= Beginning of Section =
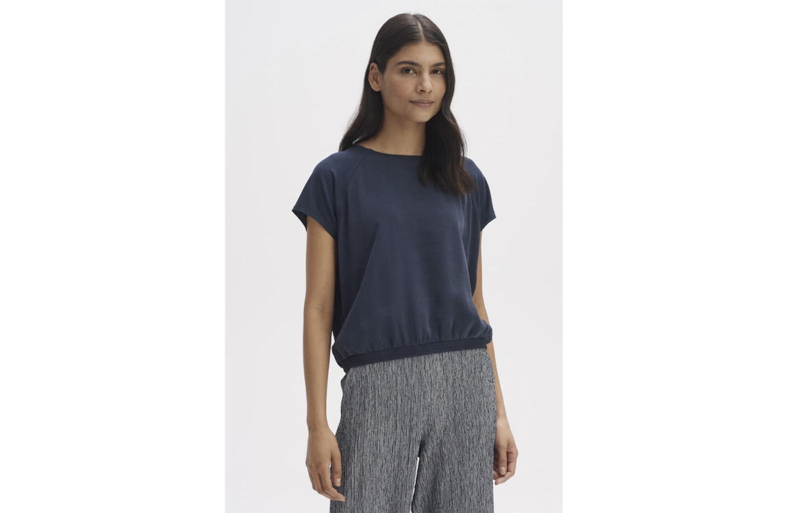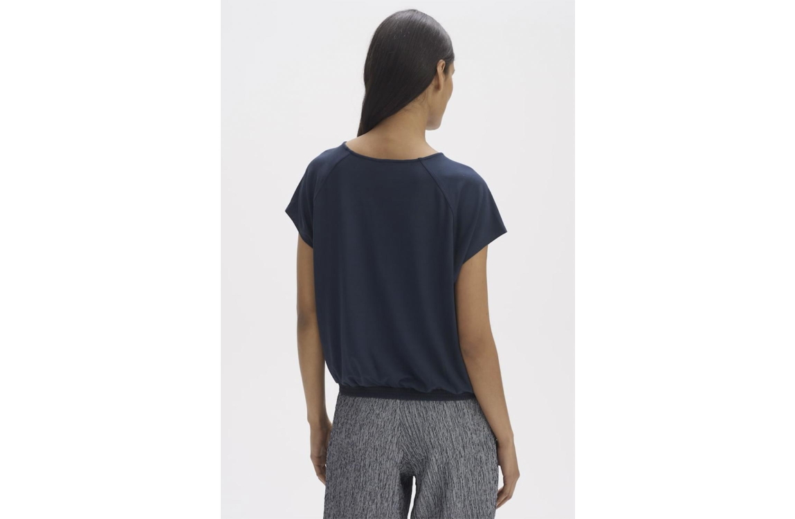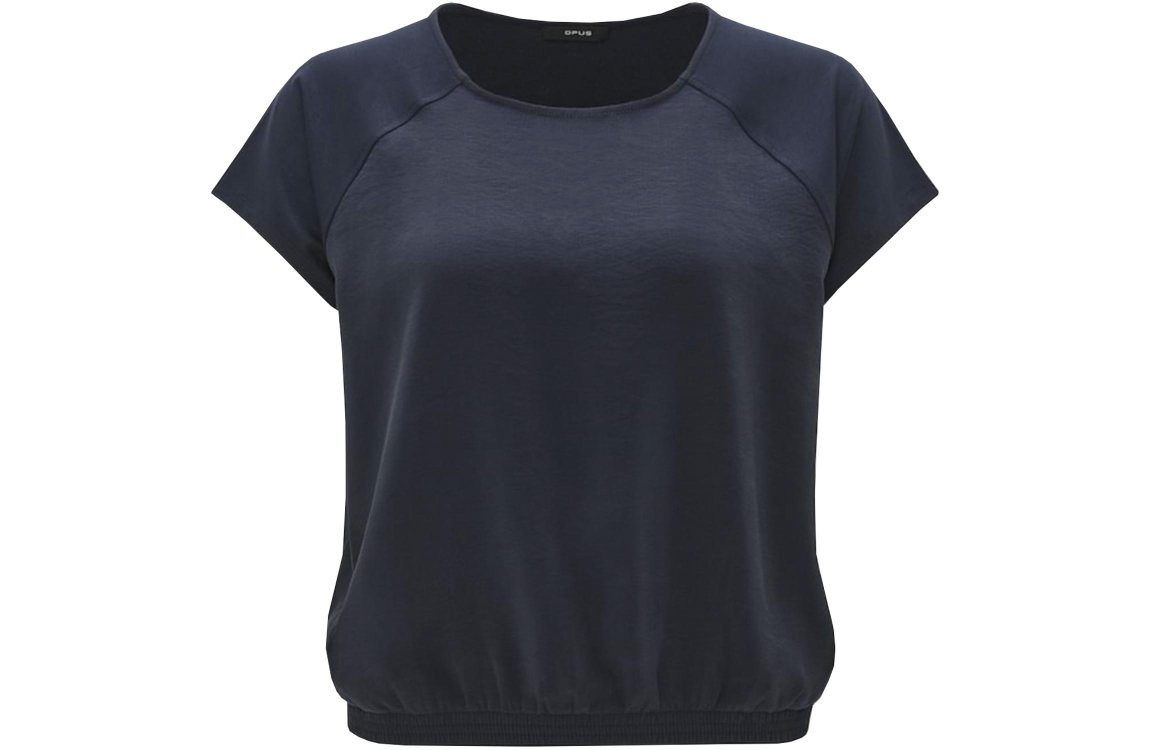 Opus shirt Sagama 1028739422258. Dit losvallend model is voorzien van een ronde hals en heeft korte mouwen. Deze donkerblauwe shirt van Opus is afgewerkt met een elastische boord aan de onderzijde.
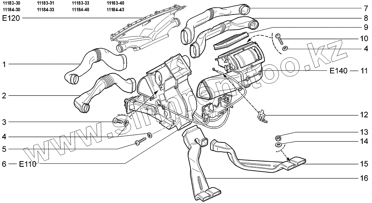 Каталог запасных частей к технике: ВАЗ LADA Kalina 1118. Система вентиляции и отопления
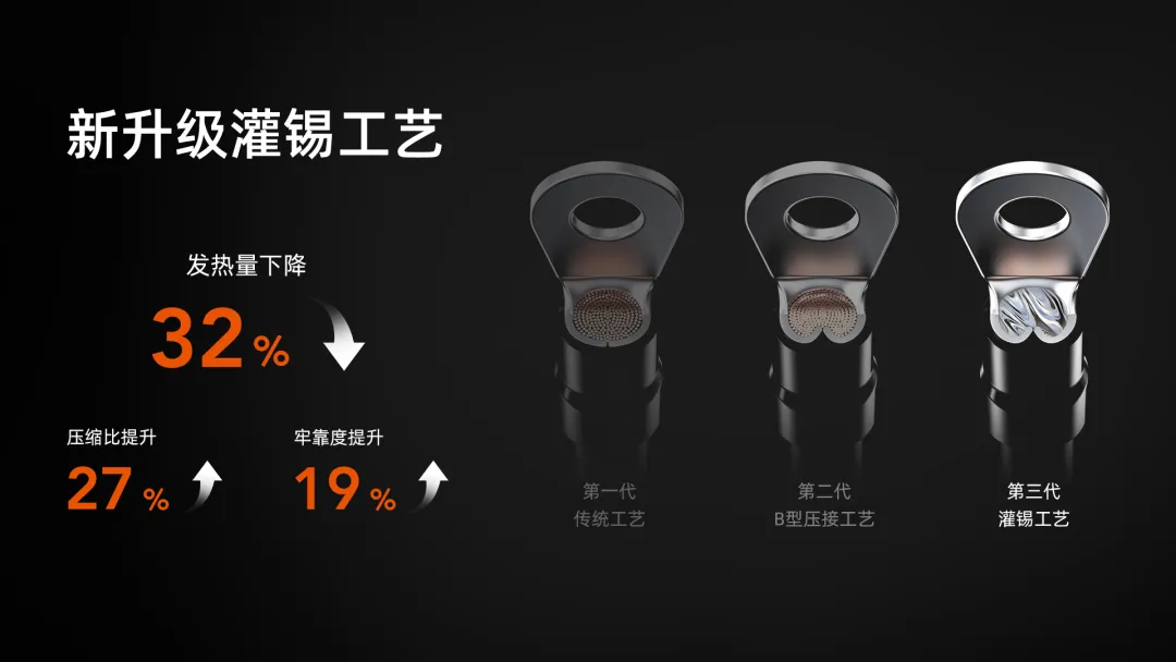 灌錫工藝再突破:基于B型端子壓接技術,優(yōu)化內部導電結構,熱點發(fā)熱量直降32%,高溫工況性能飆升,充電效率與安全“雙在線”。
= End of Section =
### Prompt
Please make an exact copy of the whole listing and leave out its pictures.

### Result for this exercise
 Opus shirt Sagama 1028739422258. Dit losvallend model is voorzien van een ronde hals en heeft korte mouwen. Deze donkerblauwe shirt van Opus is afgewerkt met een elastische boord aan de onderzijde.
 Каталог запасных частей к технике: ВАЗ LADA Kalina 1118. Система вентиляции и отопления
 灌錫工藝再突破:基于B型端子壓接技術,優(yōu)化內部導電結構,熱點發(fā)熱量直降32%,高溫工況性能飆升,充電效率與安全“雙在線”。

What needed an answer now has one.